As well as supporting libraries, developing consortia, encouraging educational and training material, and bringing new countries into the network (Kenya and Nepal are the latest to join), eIFL has a strong Open Access programme. Item 5 of the newsletter outlines the aims of eIFL-OA as:

"a.. builds networks of Open Access repositories, Open Access journals, Open Access education materials;
b.. provides training and advice on Open Access policies and practices;
c.. empowers library professionals, scientists and scholars, educators and students to become open access advocates."

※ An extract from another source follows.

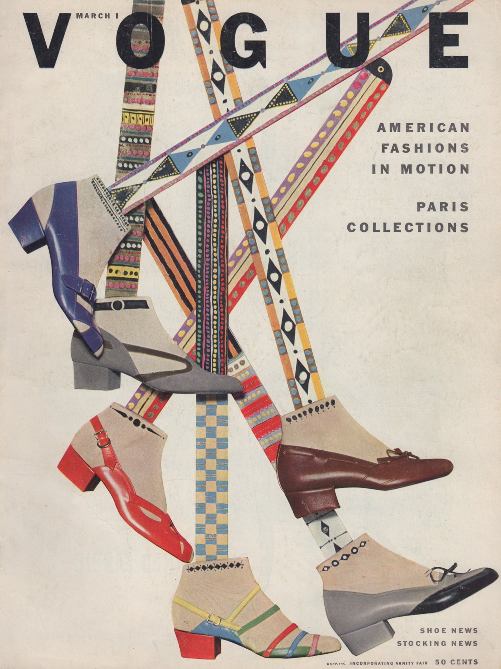 This vintage Vogue magazine is in excellent vintage condition, featuring a clean cover and well-preserved interior pages. Damaged spine, especially at the top and bottom. Otherwise only minimal age-related wear.

eIFL will attend the important up-coming Open Repositories 08 Conference at the University of Southampton, UK, see http://or08.ecs.soton.ac.uk/index.html, April 1-4, 2008, and is also organizing a workshop on Institutional Repositories in Nigeria. The newsletter says:

"Nigerian University Libraries Consortium, Department of Library and Information Science, Ahmadu Bello University and eIFL.net will organise a workshop Open Access Repositories: New Models for Scholarly Communication on April 28-29. Hosted by the Ahmadu Bello University, Zaria, the workshop will address Open Access state-of-the-art, policies and recommendations; subject and institutional repositories, and case studies on Open Access institutional repositories in developing and transition countries."

A lot of people must be working very hard in eIFL-net!


Friday, 29 February 2008

A new OSI-supported OA source book

A richly fertile OASIS looms on the horizon

There is exciting news to report to the research community! The Open Society Institute has agreed a grant to develop an online Open Access (OA) source book that will provide practical steps towards implementing OA for research output.

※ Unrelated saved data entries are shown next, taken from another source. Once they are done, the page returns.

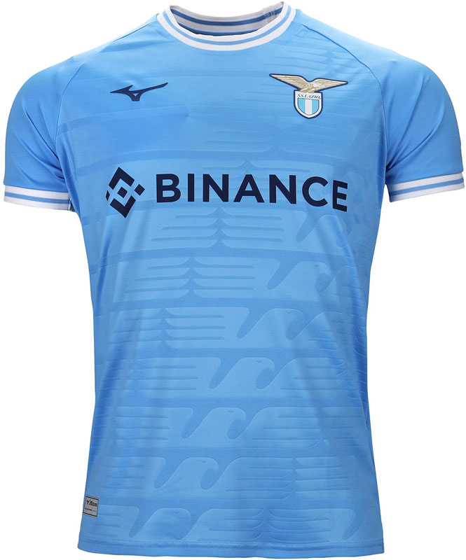 クラブ史上初のMizuno製ユニフォームとなる22-23シーズンモデル。ホームキットは定番のスカイブルーを基調に、前面左側にはエンブレムの“鷲の羽”をエンボスで大胆に描く。胸スポンサーは暗号通貨取引所の「BINANCE」で継続。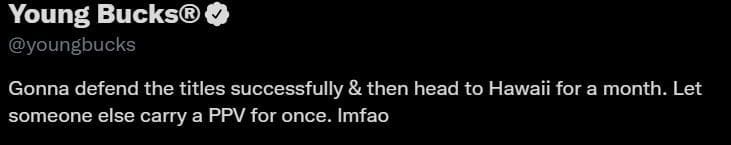The Young Bucks let fans know about a “new bio” update, and they had a lot to say. After they successfully defend the AEW Tag Team Titles, the two claim that they are going to Hawaii for a month to blow off some steam.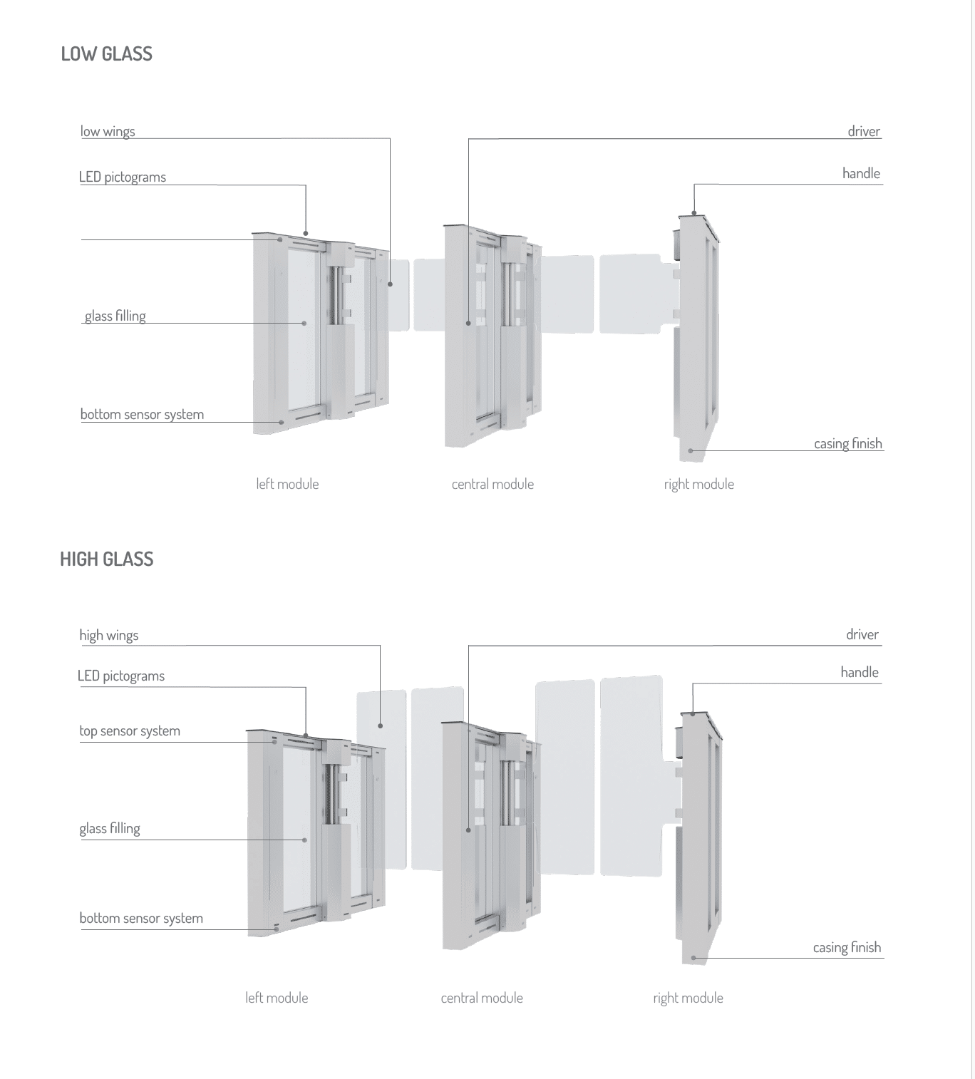 | Control System | Screen with a keypad for configuration and device settings. Control possible via dry contact (ground control). Feedback signal indicating person passage. Compatible with access control devices designed for gate control. |

To be called OASIS (Open Access Scholarly Information Sourcebook), the resource aims to provide ‘all you need to know’ about OA, its concept, principles, benefits, approaches and means to achieving it. It will provide comprehensive links to resources already established on particular aspects of OA. It will be continually up-dated to take account of the fast-moving changes and information appearing every day.

It will not duplicate existing resources but link them to form an OA supermarket, allowing individuals to mix and match elements as required by their own constituencies. It will be a benign viral educational tool as well, spreading information and establishing connections between the researchers, librarians, repository managers, research managers and funders. It will be a back-up for OA workshops and training courses, and provide periodic online tutoring on specific aspects of OA.

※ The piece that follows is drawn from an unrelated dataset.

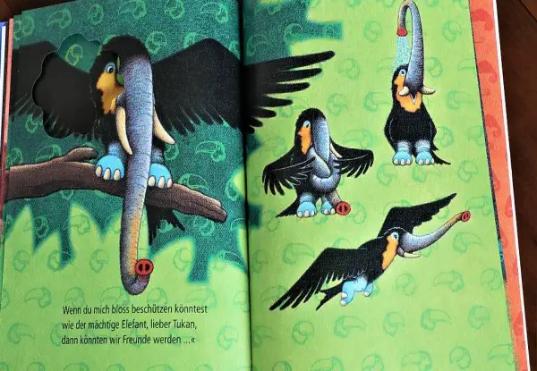 Buch mit "Gucklöchern" mit Sicht auf die Wunschtiere.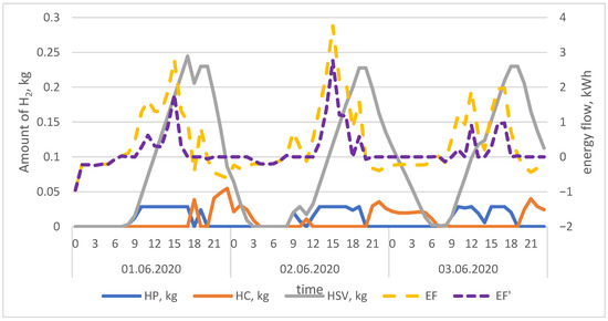 Quantitative (mass) hydrogen production and consumption, state of charge of the hydrogen storage, and energy flows in the installation—example for the period from 1 June 2020 to 3 June 2020. HP—hourly hydrogen production, HC—hourly hydrogen consumption, HSV—amount of hydrogen stored, EF—energy flow in the analyzed installation without hydrogen system (right-scale), EF’—energy flow with the hydrogen system (right-scale).

The sourcebook will be in modular format, will be accessible online, as print-on-demand, and on CD/DVD for ready distribution to low bandwidth users. As such it will be an invaluable free-of-cost tool for developing countries wishing to benefit from the OA movement.

The project will be coordinated by two of the foremost OA advocates, Leslie Chan (University of Toronto) and Alma Swan (Key Perspectives), via a contract between the OSI and the Electronic Publishing Trust for Development (EPT). A number of partners with specific expertise will support the project, as will an advisory board of individuals with OA knowledge and commitment.

It is hoped to launch the OASIS website on the occasion of the up-coming ELPUB2008 conference, ‘Open Scholarship: Authority, Community and Sustainability in the Age of Web 2.0’, to be held in Toronto at the end of June, (see http://www.elpub.net/). The EPT will keep you posted on developments via the EPT blog and web site.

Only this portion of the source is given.